In February 1983 he attended an International Crane Workshop in Bharatpur, India, and was forced to return early after falling ill. He returned to Bautzen (then part of East Germany) where he died.

==Works==
(selection)

- Unser Kuckuck, ("Our cuckoo"). A. Ziemsen Verlag, Wittenberg, 1949.
- Der Vogel und sein Ei, ("The bird and its egg"). A. Ziemsen Verlag, Wittenberg, 1949.
- Die Vogelwelt Macedoniens, ("The avifauna of Macedonia"). Akademische Verlagsgesellschaft, Leipzig, 1950.
- Die Vögel der Seen und Teiche, ("The birds of lakes and ponds"). Neumann Verlag, Radebeul, 1952.
- Die Vögel in Feld und Flur, ("The birds of fields and meadows"). Neumann Verlag, Radebeul, 1954.
- Die Vögel der Erde. Systematische Übersicht, ("The birds of the world. Systematic review"). Duncker u. Humblot Verlag, Berlin, 1954.
- Die Vögel in Haus, Hof und Garten, ("The birds of the house, yard and garden"). Neumann Verlag, Radebeul, 1957.
- Der Vogel und seine Jungen, ("The bird and its young"). Neue Brehm Bücherei 41, 1959.
- Die Vögel in Wald und Heide, ("The birds in forest and heath"). Neumann Verlag, Radebeul, 1959.
- Die Vögel an Strand und Watt, ("The birds on the beach and coastal strip"). Neumann Verlag, Radebeul, 1962.
- Wir bestimmen die Vögel Europas, ("The identification of the birds of Europe"). Neumann Verlag, Radebeul, 1966.
- Kein Ei gleicht dem anderen. Unterhaltsames und Lehrreiches über die Vögel und ihre Eier, ("No egg is like another. Entertaining and instructive facts about the birds and their eggs"). Neumann Verlag, Radebeul, 1967.
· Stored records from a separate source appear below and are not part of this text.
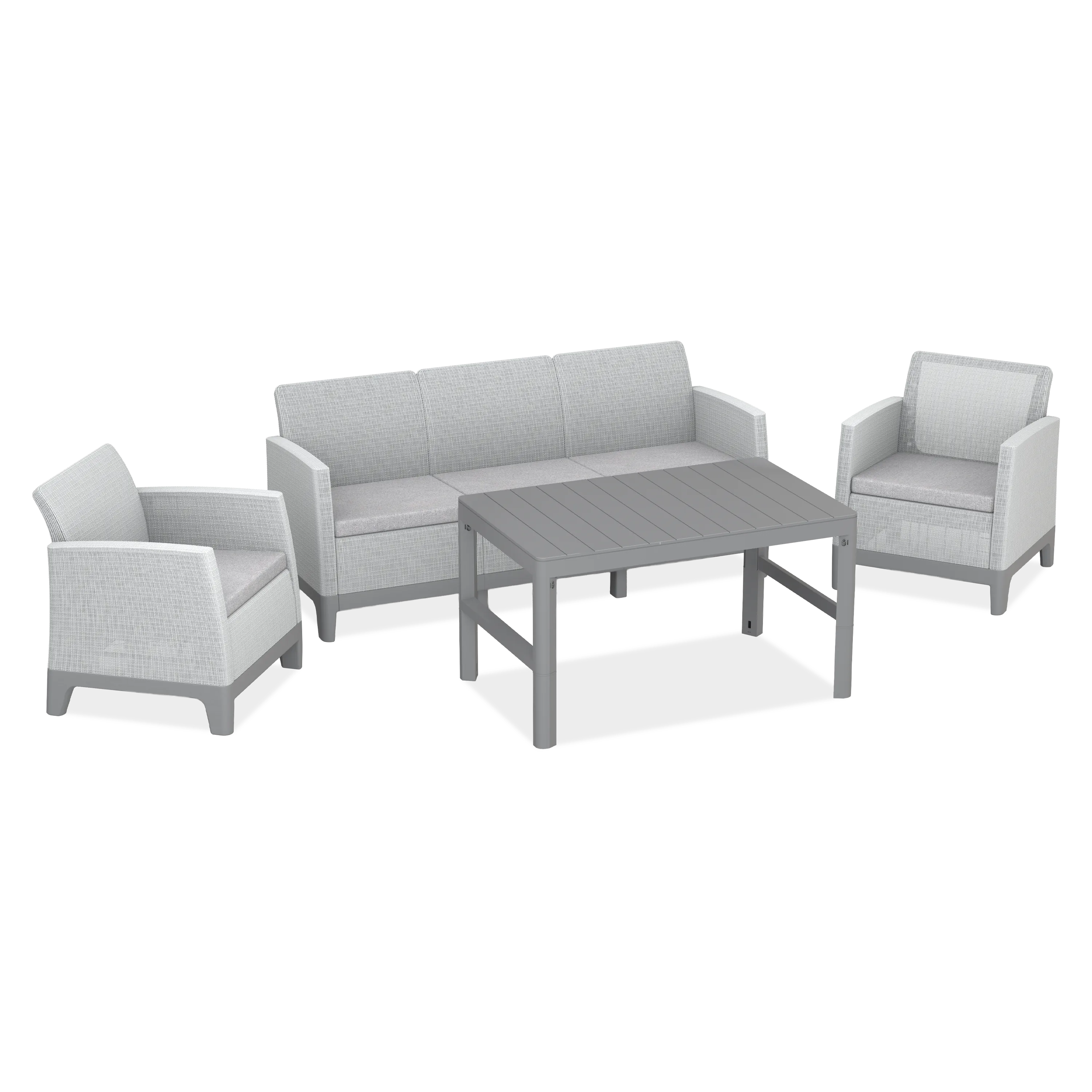 Súprava záhradného nábytku SCANDI MAX3/LYON Pebble Grey-Soft Beige / Sf. Beige od spoločnosti Keter je prestížnym vonkajším riešením, ktoré kombinuje rôzne textúry.Trojmiestna pohovka a kreslá zaujmú výpletom inšpirovaným prírodnou jutou, zatiaľ čo stôl Lyon vyniká elegantnou doskou s textúrou Rezolith. Sofistikovaná farebná schéma Pebble Grey a Soft Beige zjemňuje terasu, zatiaľ čo odolnosť voči UV žiareniu a dažďu zaručuje, že táto luxusná súprava si zachová svoj lesk počas mnohých rušných sezón.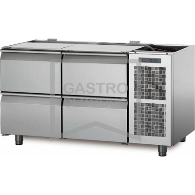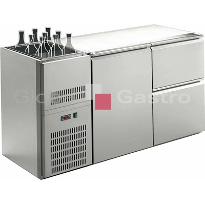 Dvousekcový barový chladící stůl. Model v celonerezovém provedení (AISI 304), s chlazenou vanou (312x515xh250) nad agregátem (vpravo/vlevo). Digitální ovládání, ventilované...
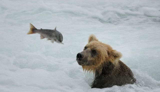Grizzlys in Alaska fotografiere ich bereits seit vielen Jahren. Bären beim Lachsfang zu beobachten, gehört für mich zu den unvergesslichen Erlebnissen. Im Sommer ziehen die Lachse zum Laichen den Brooks River stromaufwärts. An den Brooks Wasserfällen sammeln sich die Lachse und die Bären machen hier leichte Beute. Manchmal springen die Lachse bei der Überwindung der Fälle den dort wartenden Bären regelrecht ins Maul. Dieser Grizzly hatte offensichtlich Pech gehabt.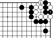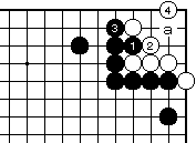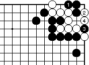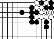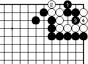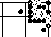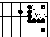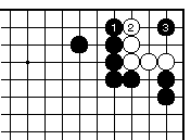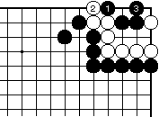 外ダメのある場合、黒1白2として 一合マスの形となり、黒3と置いて、 以下次図。 |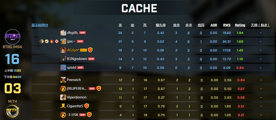 在图一Cache上,防守方的BTRG依然靠着gas打开局面,赢下手枪局后,开始疯狂拉大比分差距,gas和B1Ngodown在防守中的两次四杀使得BTRG上半场12:3获得大优势,下半场攻防互换后,赢下手枪局的BTRG一波4-0带走了对手,赢下了图一。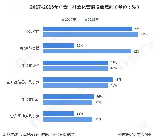 短視頻市場(chǎng)的火熱,讓廣告主對(duì)短視頻的營銷投放興趣大增。在廣告主社會(huì)化營銷投放意向調(diào)查中,2018年短視頻的社會(huì)化營銷投放意向大幅提升,備受廣告主青睞。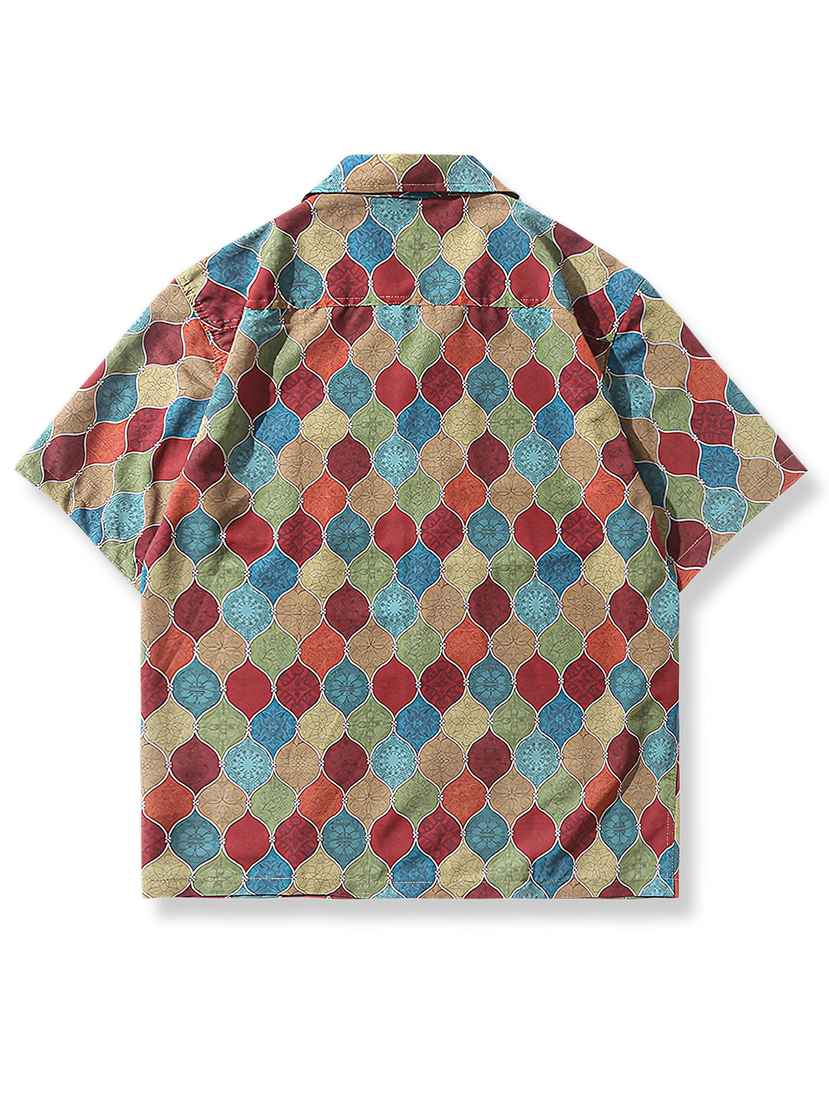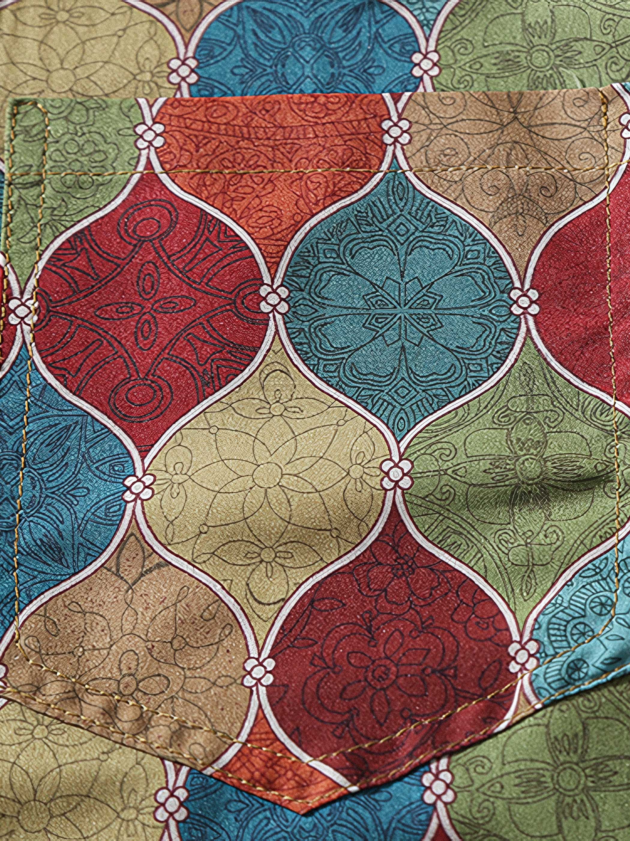 ボディにボヘミアン風プリントを使用しており、自由な精神やカラフルなデザインが特徴です。花や葉っぱ、鳥など自然をモチーフにした柄が多く使われています。色使いにもこだわりがあり、鮮やかな色やコントラストの強い組み合わせが目立ちます。各色ブロックには独特なデザインが取り入れられています。このデザインは鮮明さ、活力、およびファッション感を表現し、人々の注目を集めます。胸ポケットは実用性とデザイン性を高め、シャツ全体の豊かさを引き立てます。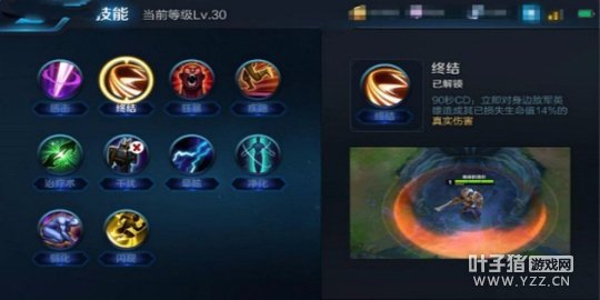 杨戬作为一个战士,有时候在一技能二段后敌人依旧残血的情况,而杨戬自身不带位移,追人比较难,很容易被敌人逃走,带终结则可以迅速将残血敌人击杀。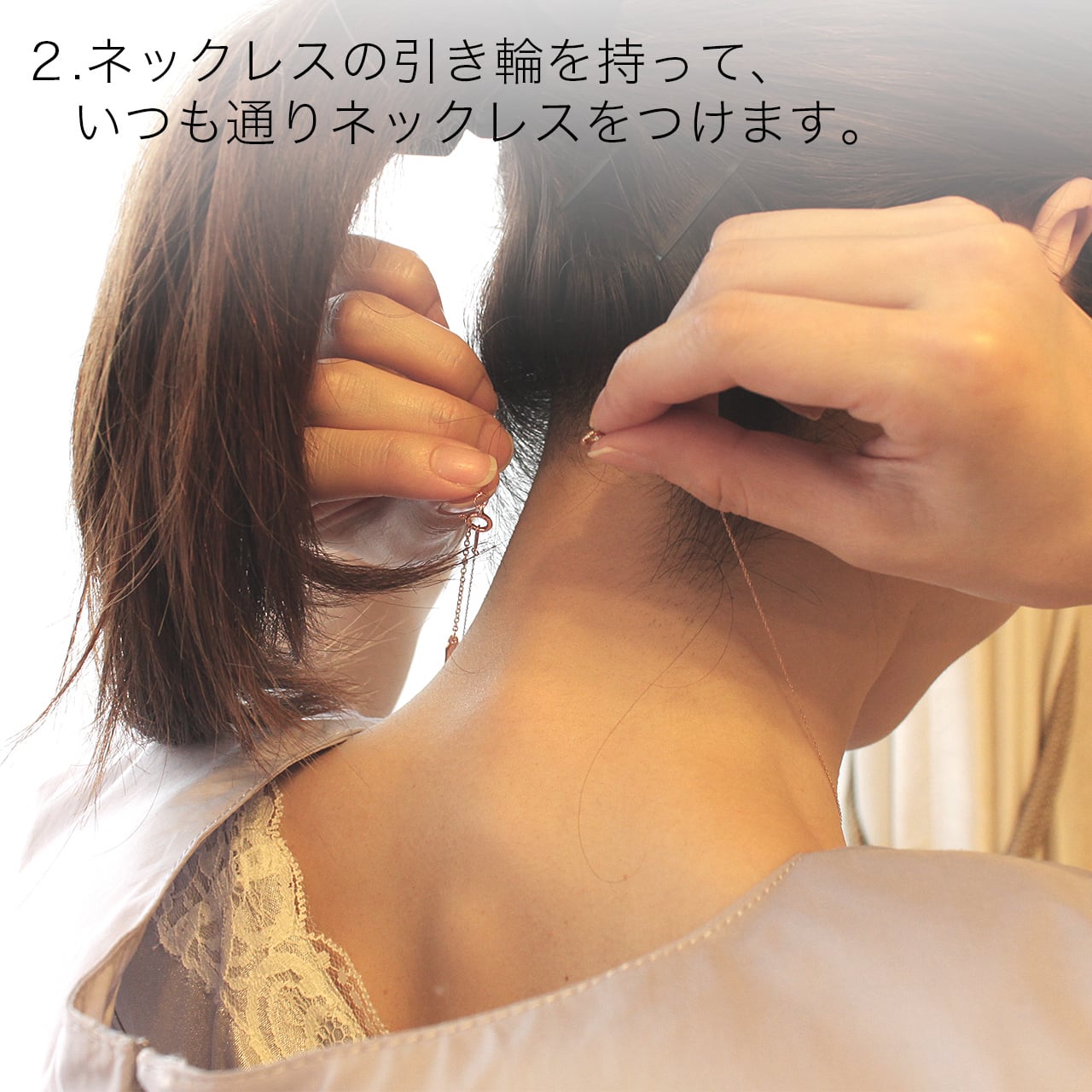 2. ネックレスの引き輪を、ジュエリードの引き輪に留める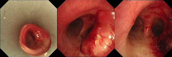 麻醉科高淑萍主任全程保障與密切配合,通過采用高頻-常頻疊加噴射通氣支持,有效保障患者術中通氣和維持氧合穩(wěn)定。 呼吸與危重癥醫(yī)學科孫理想主任帶領呼吸內(nèi)鏡團隊為患者實施全麻硬鏡下腫瘤氣道消融術。由于患者腫瘤浸潤廣泛,基底寬大,先以硬鏡快速鏟切清除瘤體解除氣道梗阻,再以氬氣刀精準消融基底殘余腫瘤并有效止血,經(jīng)過20分鐘鏡下治療,氣道腫瘤基本清除,順利開通氣道,大大縮短手術時間,術后患者咯血癥狀消失,呼吸順暢,將根據(jù)病理明確診斷進行后續(xù)治療。
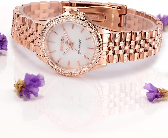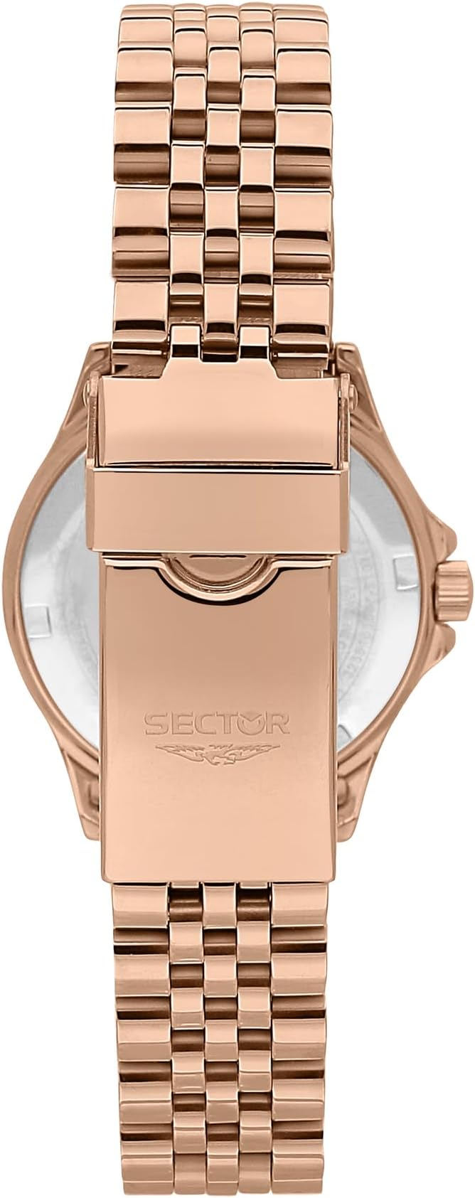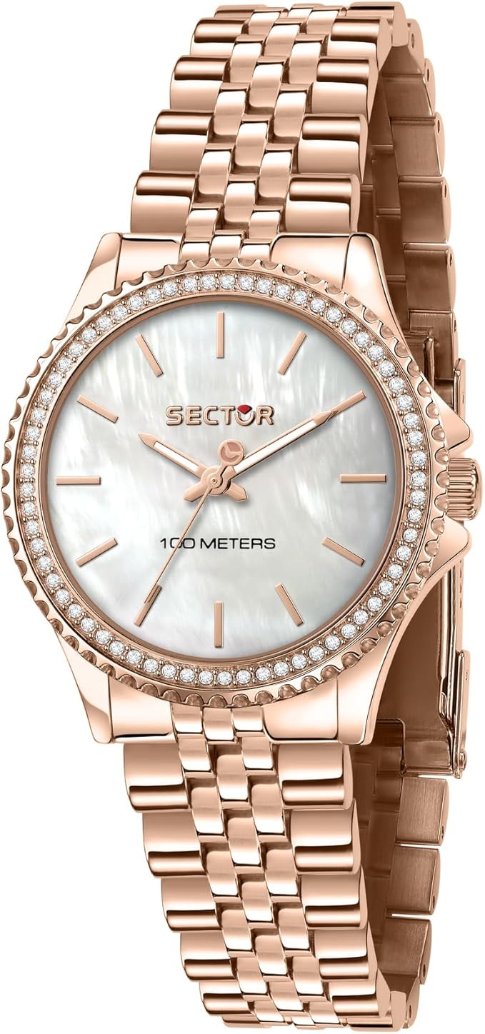 Orologio solo tempo da donna di Sector della collezione 230. Orologio con cassa in acciaio lucido di 32 mm con vetro minerale. Bracciale in metallo di colore oro rosa con chiusura a fibbia diver con blocco sicurezza. Cronografo up e datario a ore 3 e resistenza all'acqua di 10 atm. La referenza è r3253161537

- Die Eier der Vögel Europas. Eine Darstellung der Brutbiologie aller in Europa brütenden Vogelarten, ("The eggs of birds in Europe. An account of the breeding biology of birds breeding in Europe"). 2 Bände (Volumes). Neumann Verlag, Radebeul, 1974.
- Verzeichnis der Vögel der Deutschen Demokratischen Republik, ("List of birds of the German Democratic Republic"). Neumann Verlag, Leipzig, Radebeul, 1981.